The Frances Forum

It started as a joke.

I was a 19 year old undergrad, recently dumped. The villain who bruised my heart was an indie musician from Athens, Georgia. Our time together was a great adventure—and every parent’s nightmare. Despite skipping classes to join him on the road, I still made the Dean’s List! Among our many topics of discussion: the contrast between who he and his band were versus the image manufactured by their record label’s marketing machine. Quite an education.

Eventually he returned to his life in Georgia and I resumed mine as an Indianapolis coed. I forgot I was still a member of his fan club until the fateful day I checked my mail only to be greeted by the latest issue of his band’s newsletter. Splashed across the cover was news of his recent wedding (to the woman he dated right before me) and a billboard-sized photo of the happy bride and groom.

I stamped my size 6 Doc Martens and decided I, too, deserved the accolades of millions. So I started my own fan club with a newsletter devoted to documenting my every move. Applying lessons learned from my ex-BF, I wrote stories about my life in third person, as if by a determined team of hyperactive celebrity journalists.

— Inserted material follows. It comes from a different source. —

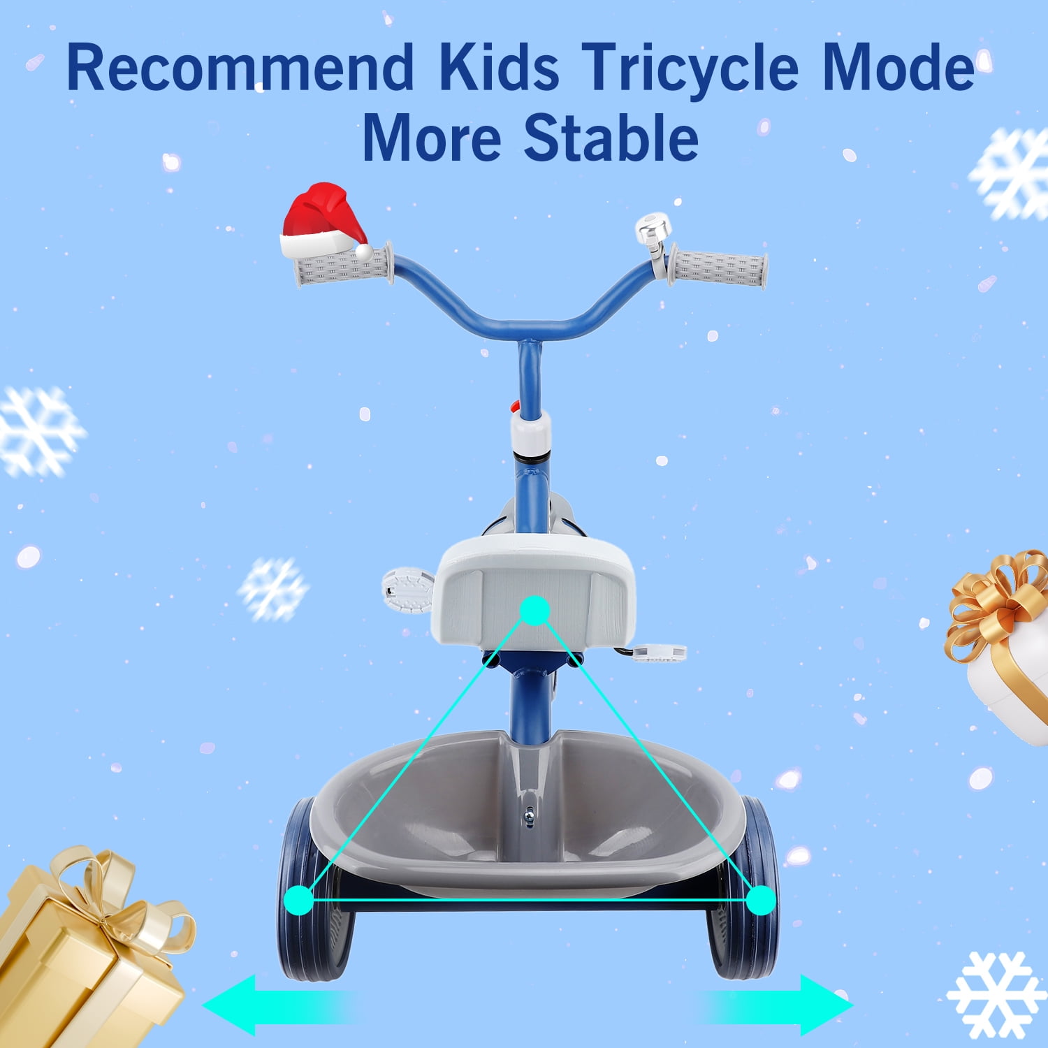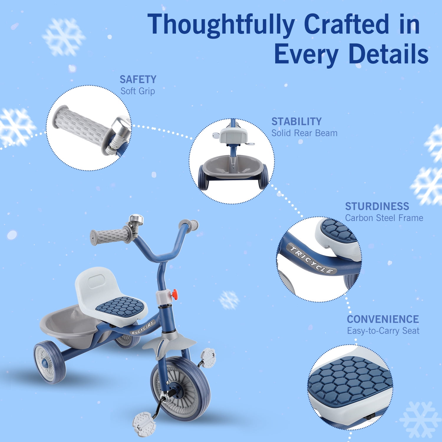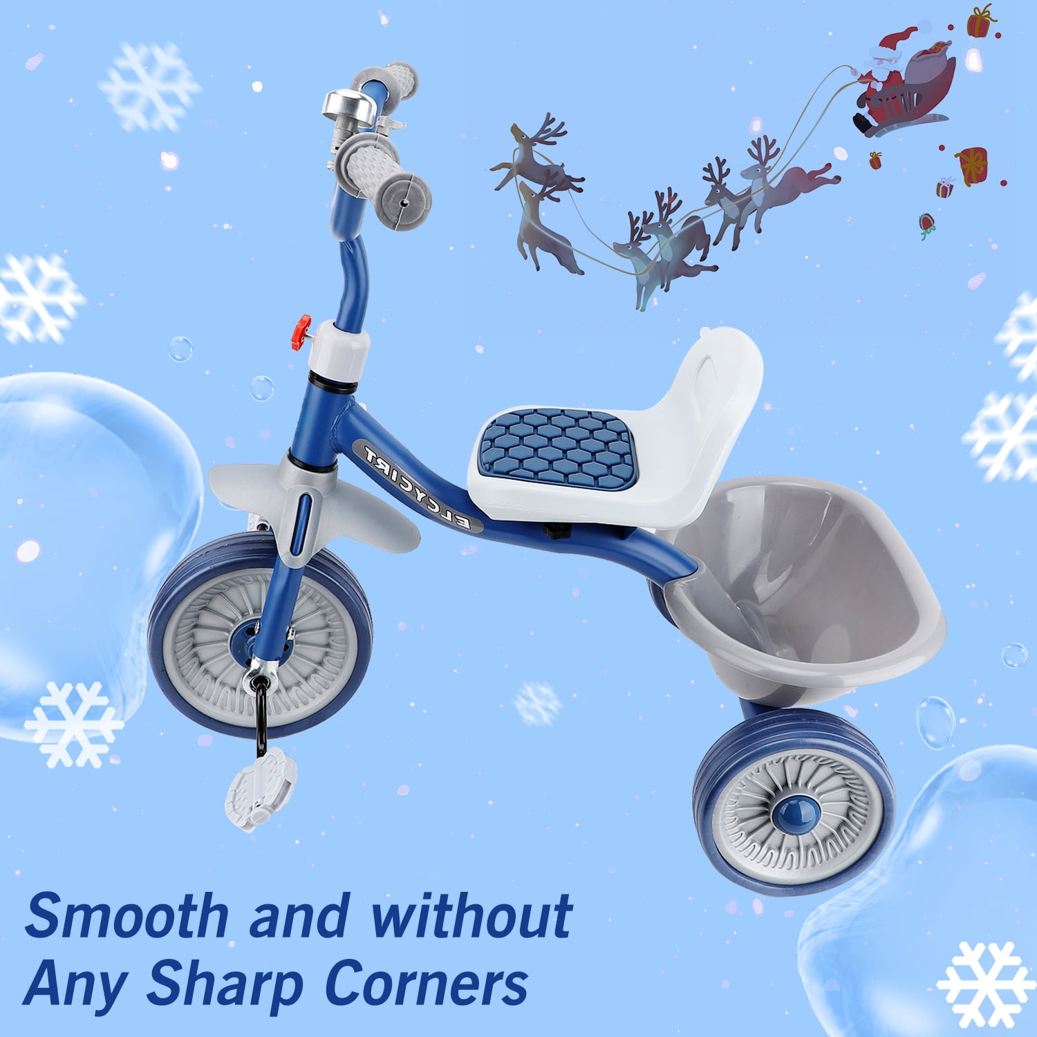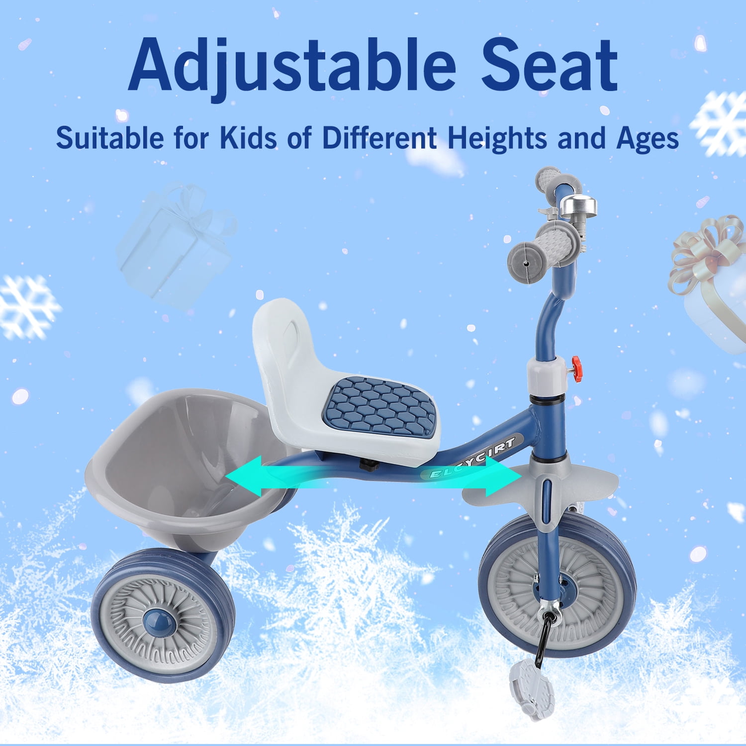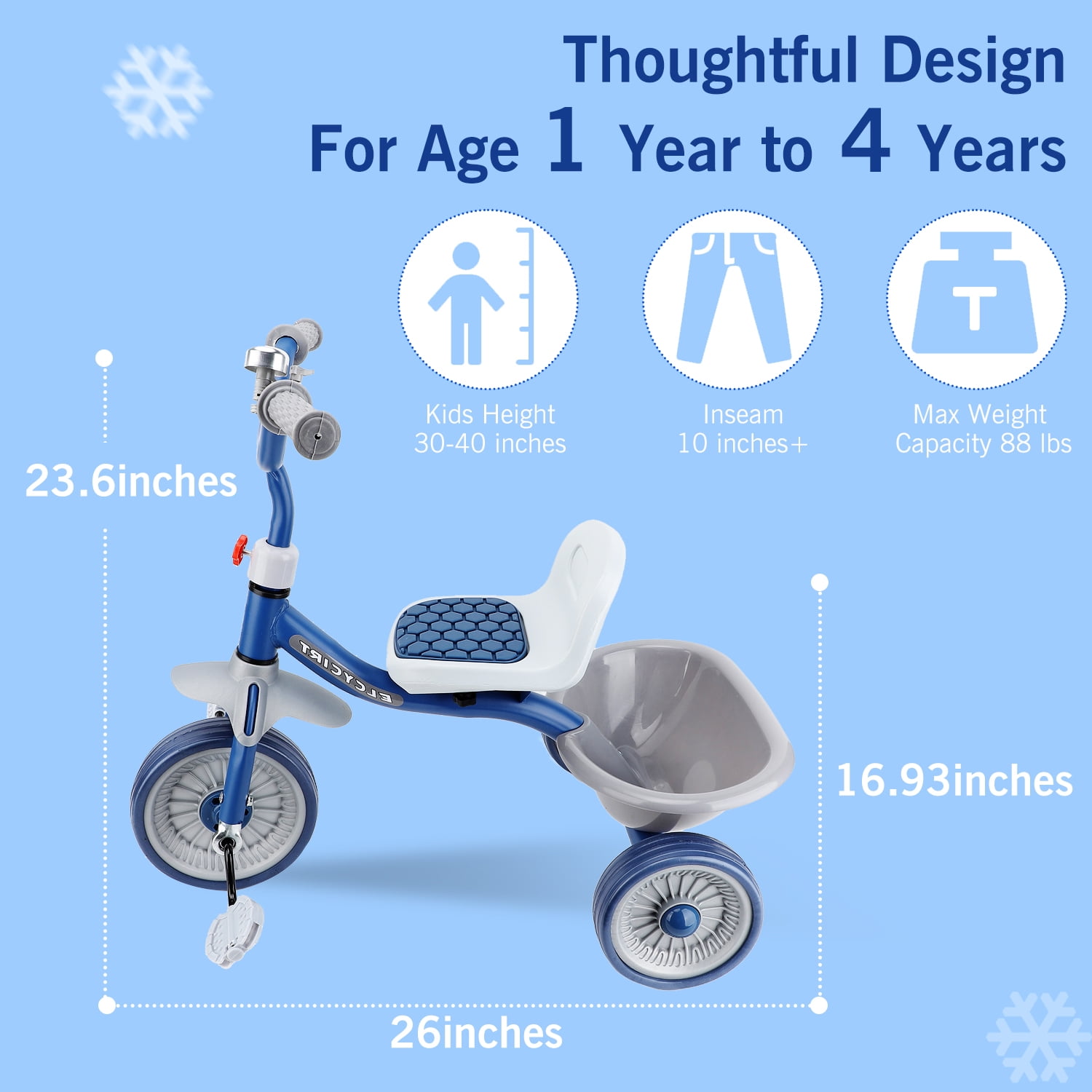 The kids trike with storage basket for toddlers ages 1-4 years old is an unique and versatile unisex tricycle that can bring a lots of fun while helping beginners practice balance and motor skills. The toddler tricycle with pedals make it possible for your little one will be able to ride at his or her own pace. And as your child grows, the adjustable seat will allow your baby to enjoy the toddler tricycle for years of fun. In addition, the portable design enhances convenience, and you can even take it on trips because it’s lightweight enough. I’m sure your little one will never want to leave their favorite toy again. Versatile Toddler Tricycle, Grows with Your Kids Best Bike for Beginners: The toddler tricycle works on toddlers’ balance and motor skills while bringing boys and girls a fun riding experience. Ideal Gift for Kids: The kids tricycle has been carefully designed, making it the perfect birthday/Christmas gift for boys and girls ages 1-4. Seat Adjustable: The adjustable seat with soft padding grows with your child, simply adjust the seat to match the rider’s growth. Adjustable Handlebar: The non-slip handlebar can be adjusted to different angles at any time depending on your child’s riding position. Safe and Stable Ride Prevent Rollover: Stable triangular structure design with steering angle restriction on both sides to ensure safety. Smooth Ride: The shock-absorbing mechanism in the front wheel and built-in bearings ensure a safe and smooth riding experience. Enclosed Wheels: The wheels have an enclosed design that prevents your baby’s feet from being caught by the wheels during riding. Durable Design: Made of carbon steel and plastic, it can accompany your child for a long time. Easy to Install: Easy to assemble in minutes by simply referring to the included manual. Specification: Item Type: Kids Tricycle Material: High carbon steel, plastic, EVA Wheels: EVA Foam wheels Size: Approx. (26 x 23.6 x 17.7) in Maximum Load: Approx. 88 lbs Applicable Age: 1-4 years old Package List: 1 x Basket 2 x Rear Wheels 1 x Body Parts 1 x Saddle 1 x Manual 1 x Front Wheel 1 x Handlebar 1 x Tricycle Body 1 x Bell 1 x Assembly Tool 4 x Small Parts NOTE 1. All measurements are taken manually and may be subject to slight inaccuracies. 2. If you encounter any problems regarding the product, please feel free to contact us.

I shared the first issue with the Georgia musician (he loved it!). Encouraged by friends and faculty, I continued to write my zine, The Frances Forum, for 11 years, 30 issues total. I may not have known it then but, looking back, I was surely a 90s riot grrrrl.

The newsletter was important to my development as an artist and helped launched my professional writing career. Indianapolis Monthly magazine first featured me in their glossy pages, and later hired me as a contributing editor.